A few weeks ago -- maybe this was my first week working second shift -- there was free found lying around at a table.  I knew it was free because there was a sign saying "Help yourself"; I see that note lying around a lot whenever there is free found lying around a lot.

There were an ever-shortening pile of chocolate-dipped pretzels, which were easy for me to just pop in my mouth.  I ate several over the, uh, two days that plastic container was there.  But there were, when at least I first came upon them, a couple of ... uh, bomb pops?  Long sticks with, at the top, a ball, presumably of chocolate, but it was covered in white frosting.  Looked tasty, and it would be something I would totally take to eat.  However, I was late in getting back to work, plus I had other food to consume.  So I promised myself that if I had time after I ate, I would go check back, and if those bomb pops were still there, I would take an extra five minutes, sit down, and eat them.

So it was late one night and I snuck out of work because I needed to clear my head.  I snuck into the break room to look at the container of free food.  I was following some woman who was at the table where this container was.  She left; I looked in, and those pops were gone.  Looking up from the garbage can, she looked at me and went, "Those pops were delicious!"

"Fuck off!" I said.  No, I didn't say that.  But it felt clear to me that she was rubbing the fact that she got to the pop before I did in my face, even though I have no solid evidence she knew I wanted it and was waiting for the right time to eat it.  Nevertheless, my defense mechanism -- and my bitchiness -- roared up to the surface.  And even though I was trying to calm myself, I think what I said -- "You should not be saying that to me" -- still made my annoyance at her petulant behavior very clear.  Well, that and my raised finger.  Oh, and my frustrated tone, too.

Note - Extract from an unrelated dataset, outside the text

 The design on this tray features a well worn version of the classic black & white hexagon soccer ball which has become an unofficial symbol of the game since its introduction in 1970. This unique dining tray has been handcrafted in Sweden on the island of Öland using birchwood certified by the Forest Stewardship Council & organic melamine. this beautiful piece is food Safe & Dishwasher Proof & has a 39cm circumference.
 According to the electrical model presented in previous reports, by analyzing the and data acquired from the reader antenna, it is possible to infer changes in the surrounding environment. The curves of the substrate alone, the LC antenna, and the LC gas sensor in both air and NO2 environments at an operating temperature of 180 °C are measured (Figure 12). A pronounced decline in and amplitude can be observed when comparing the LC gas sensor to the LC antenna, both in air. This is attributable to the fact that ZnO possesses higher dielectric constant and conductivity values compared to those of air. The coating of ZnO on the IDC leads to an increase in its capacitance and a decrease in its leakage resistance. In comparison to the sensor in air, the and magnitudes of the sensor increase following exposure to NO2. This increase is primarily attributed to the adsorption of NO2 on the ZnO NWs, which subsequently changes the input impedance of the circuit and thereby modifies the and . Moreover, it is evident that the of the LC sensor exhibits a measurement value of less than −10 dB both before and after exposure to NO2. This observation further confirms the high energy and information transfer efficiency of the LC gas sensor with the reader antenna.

And yet, I don't know if that is the smartest thing to do at work.  I'm sure she went back into the lab and told her co-workers, "Hey, I ate the last bomb pop in front of this guy, and I rubbed it in his face because I'm 12, and he's all, 'Don't say that to me, you bitch!' and I'm all, 'What's his fuckin' problem?'"  And now I'm getting the reputation of being a hothead, even though I was confronted by an adult acting like a child.  Fuck me.

Second story

Maybe that same week I saw, on the exact same table where the bomb pops and pretzels were, a pizza box.  And in it (of course I looked because pizza) there was more than half of the pizza still there.  I don't remember the toppings, but I do know that there were some, which is good because cheese pizza is absolutely useless, and that there was no pineapple, which is also good because mixing pizza and pineapple is an affront to humanity.  What I didn't see was a "help yourself" sign.  But dude, it's pizza -- if it's yours, why in the hell are you leaving it out on a table?  Put in one of the fridges if it's yours.  By that logic, me putting it in the fridge means that it's mine.  And that's exactly what I did.

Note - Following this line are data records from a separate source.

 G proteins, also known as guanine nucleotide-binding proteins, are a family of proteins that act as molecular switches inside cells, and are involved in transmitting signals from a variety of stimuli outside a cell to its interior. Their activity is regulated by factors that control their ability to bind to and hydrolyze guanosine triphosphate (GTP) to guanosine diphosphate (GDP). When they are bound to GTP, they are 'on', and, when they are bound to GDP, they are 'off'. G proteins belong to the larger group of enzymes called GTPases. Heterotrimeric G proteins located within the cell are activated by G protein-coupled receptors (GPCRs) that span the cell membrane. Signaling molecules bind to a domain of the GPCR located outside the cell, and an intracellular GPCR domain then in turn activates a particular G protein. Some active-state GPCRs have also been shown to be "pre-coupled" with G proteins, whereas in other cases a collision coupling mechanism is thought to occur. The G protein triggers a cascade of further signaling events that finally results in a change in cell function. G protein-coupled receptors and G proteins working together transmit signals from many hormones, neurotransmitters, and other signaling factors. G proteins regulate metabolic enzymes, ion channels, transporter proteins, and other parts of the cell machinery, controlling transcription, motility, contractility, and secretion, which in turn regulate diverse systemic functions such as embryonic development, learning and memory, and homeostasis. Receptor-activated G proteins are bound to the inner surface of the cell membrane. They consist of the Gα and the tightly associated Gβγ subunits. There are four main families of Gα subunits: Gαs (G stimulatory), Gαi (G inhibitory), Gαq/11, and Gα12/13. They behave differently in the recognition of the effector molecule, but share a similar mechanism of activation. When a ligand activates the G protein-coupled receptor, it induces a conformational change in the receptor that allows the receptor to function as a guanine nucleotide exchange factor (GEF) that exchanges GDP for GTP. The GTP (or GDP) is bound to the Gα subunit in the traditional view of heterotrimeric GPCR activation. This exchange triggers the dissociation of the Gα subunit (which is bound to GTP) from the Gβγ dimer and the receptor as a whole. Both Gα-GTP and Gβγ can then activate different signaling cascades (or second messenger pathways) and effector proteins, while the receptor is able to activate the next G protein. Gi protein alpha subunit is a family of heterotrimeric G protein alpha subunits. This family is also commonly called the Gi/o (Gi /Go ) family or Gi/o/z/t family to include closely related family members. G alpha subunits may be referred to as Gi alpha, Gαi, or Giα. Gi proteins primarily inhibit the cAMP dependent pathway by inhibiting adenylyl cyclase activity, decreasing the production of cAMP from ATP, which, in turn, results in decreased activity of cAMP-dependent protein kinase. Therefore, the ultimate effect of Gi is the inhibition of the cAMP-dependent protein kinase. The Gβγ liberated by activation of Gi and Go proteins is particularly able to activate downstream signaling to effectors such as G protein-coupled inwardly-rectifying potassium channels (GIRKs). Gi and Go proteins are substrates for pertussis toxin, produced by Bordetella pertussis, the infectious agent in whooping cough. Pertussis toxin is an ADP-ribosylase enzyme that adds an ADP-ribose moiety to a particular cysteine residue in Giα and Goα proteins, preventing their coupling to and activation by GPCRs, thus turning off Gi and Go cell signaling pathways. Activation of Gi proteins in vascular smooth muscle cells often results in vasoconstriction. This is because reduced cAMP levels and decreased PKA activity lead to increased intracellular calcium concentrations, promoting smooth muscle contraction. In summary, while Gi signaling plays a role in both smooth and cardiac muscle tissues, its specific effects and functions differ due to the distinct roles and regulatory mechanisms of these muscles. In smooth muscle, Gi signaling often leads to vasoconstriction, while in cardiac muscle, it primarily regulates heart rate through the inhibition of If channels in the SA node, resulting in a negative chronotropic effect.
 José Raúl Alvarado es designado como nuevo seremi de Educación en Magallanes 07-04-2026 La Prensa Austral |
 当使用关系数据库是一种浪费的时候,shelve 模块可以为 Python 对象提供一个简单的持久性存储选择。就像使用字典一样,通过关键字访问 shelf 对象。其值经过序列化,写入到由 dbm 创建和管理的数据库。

And then, during one break, I look back inside the refrigerator and see that the whole box of pizza was gone.  So either I took a pizza that was "rightfully" someone else's, even though that person made the stupid decision to just leave it out on the table to make people think anyone could take it, or someone saw the pizza, didn't see a "help yourself" note, and decided to take it.

I really, really wanted to eat that pizza.

Third story

For the past several weeks (and this extends before my bit in second shift), someone has left free food, with "help yourself" note, on the table.  And it's been a lot of stuff ... but nearly all of it generic-looking.  First it was applesauce and these nutrition bars which does have a brand name of something called Zee Zees.  Never heard of them, but their food is good, although I don't know how this Santa Claus has procured so many of their food so often.

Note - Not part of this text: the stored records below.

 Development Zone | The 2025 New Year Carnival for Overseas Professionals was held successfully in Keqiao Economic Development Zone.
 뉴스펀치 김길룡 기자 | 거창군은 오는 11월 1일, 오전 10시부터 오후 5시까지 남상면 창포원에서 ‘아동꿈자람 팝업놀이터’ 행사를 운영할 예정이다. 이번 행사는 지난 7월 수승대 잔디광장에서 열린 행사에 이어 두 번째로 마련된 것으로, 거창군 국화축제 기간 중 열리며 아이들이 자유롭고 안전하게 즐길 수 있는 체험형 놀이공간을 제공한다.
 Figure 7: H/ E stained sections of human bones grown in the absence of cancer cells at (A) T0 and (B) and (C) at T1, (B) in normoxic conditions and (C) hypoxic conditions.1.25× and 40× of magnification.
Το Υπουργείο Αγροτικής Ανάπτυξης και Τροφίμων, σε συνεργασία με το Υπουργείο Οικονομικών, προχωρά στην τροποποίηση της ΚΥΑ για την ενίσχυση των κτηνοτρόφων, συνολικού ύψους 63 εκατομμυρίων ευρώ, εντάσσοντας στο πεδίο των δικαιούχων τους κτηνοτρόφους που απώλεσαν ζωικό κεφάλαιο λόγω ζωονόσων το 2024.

There has also been cookies from brand names I've never heard of and personal packets of processed, room temperature cheese, both of which I have taken home to eat.  Yesterday (and these drops usually happen on Mondays) was different: There was bread, a loaf of which had a brand name I was familiar with, and single-serving/hotel breakfast-sized packs of cereal.  I was going to take the Rice Krispies one, until I noticed the name was "Rice Crispies" -- ah, you almost tricked me, you generic motherfucker!  But instead I took the last Honey Nut Cheerios one, and I was sure to read the label, and it didn't say "Honey Nut Cherios" or some bullshit like that.

But seriously, where did all this free food come from?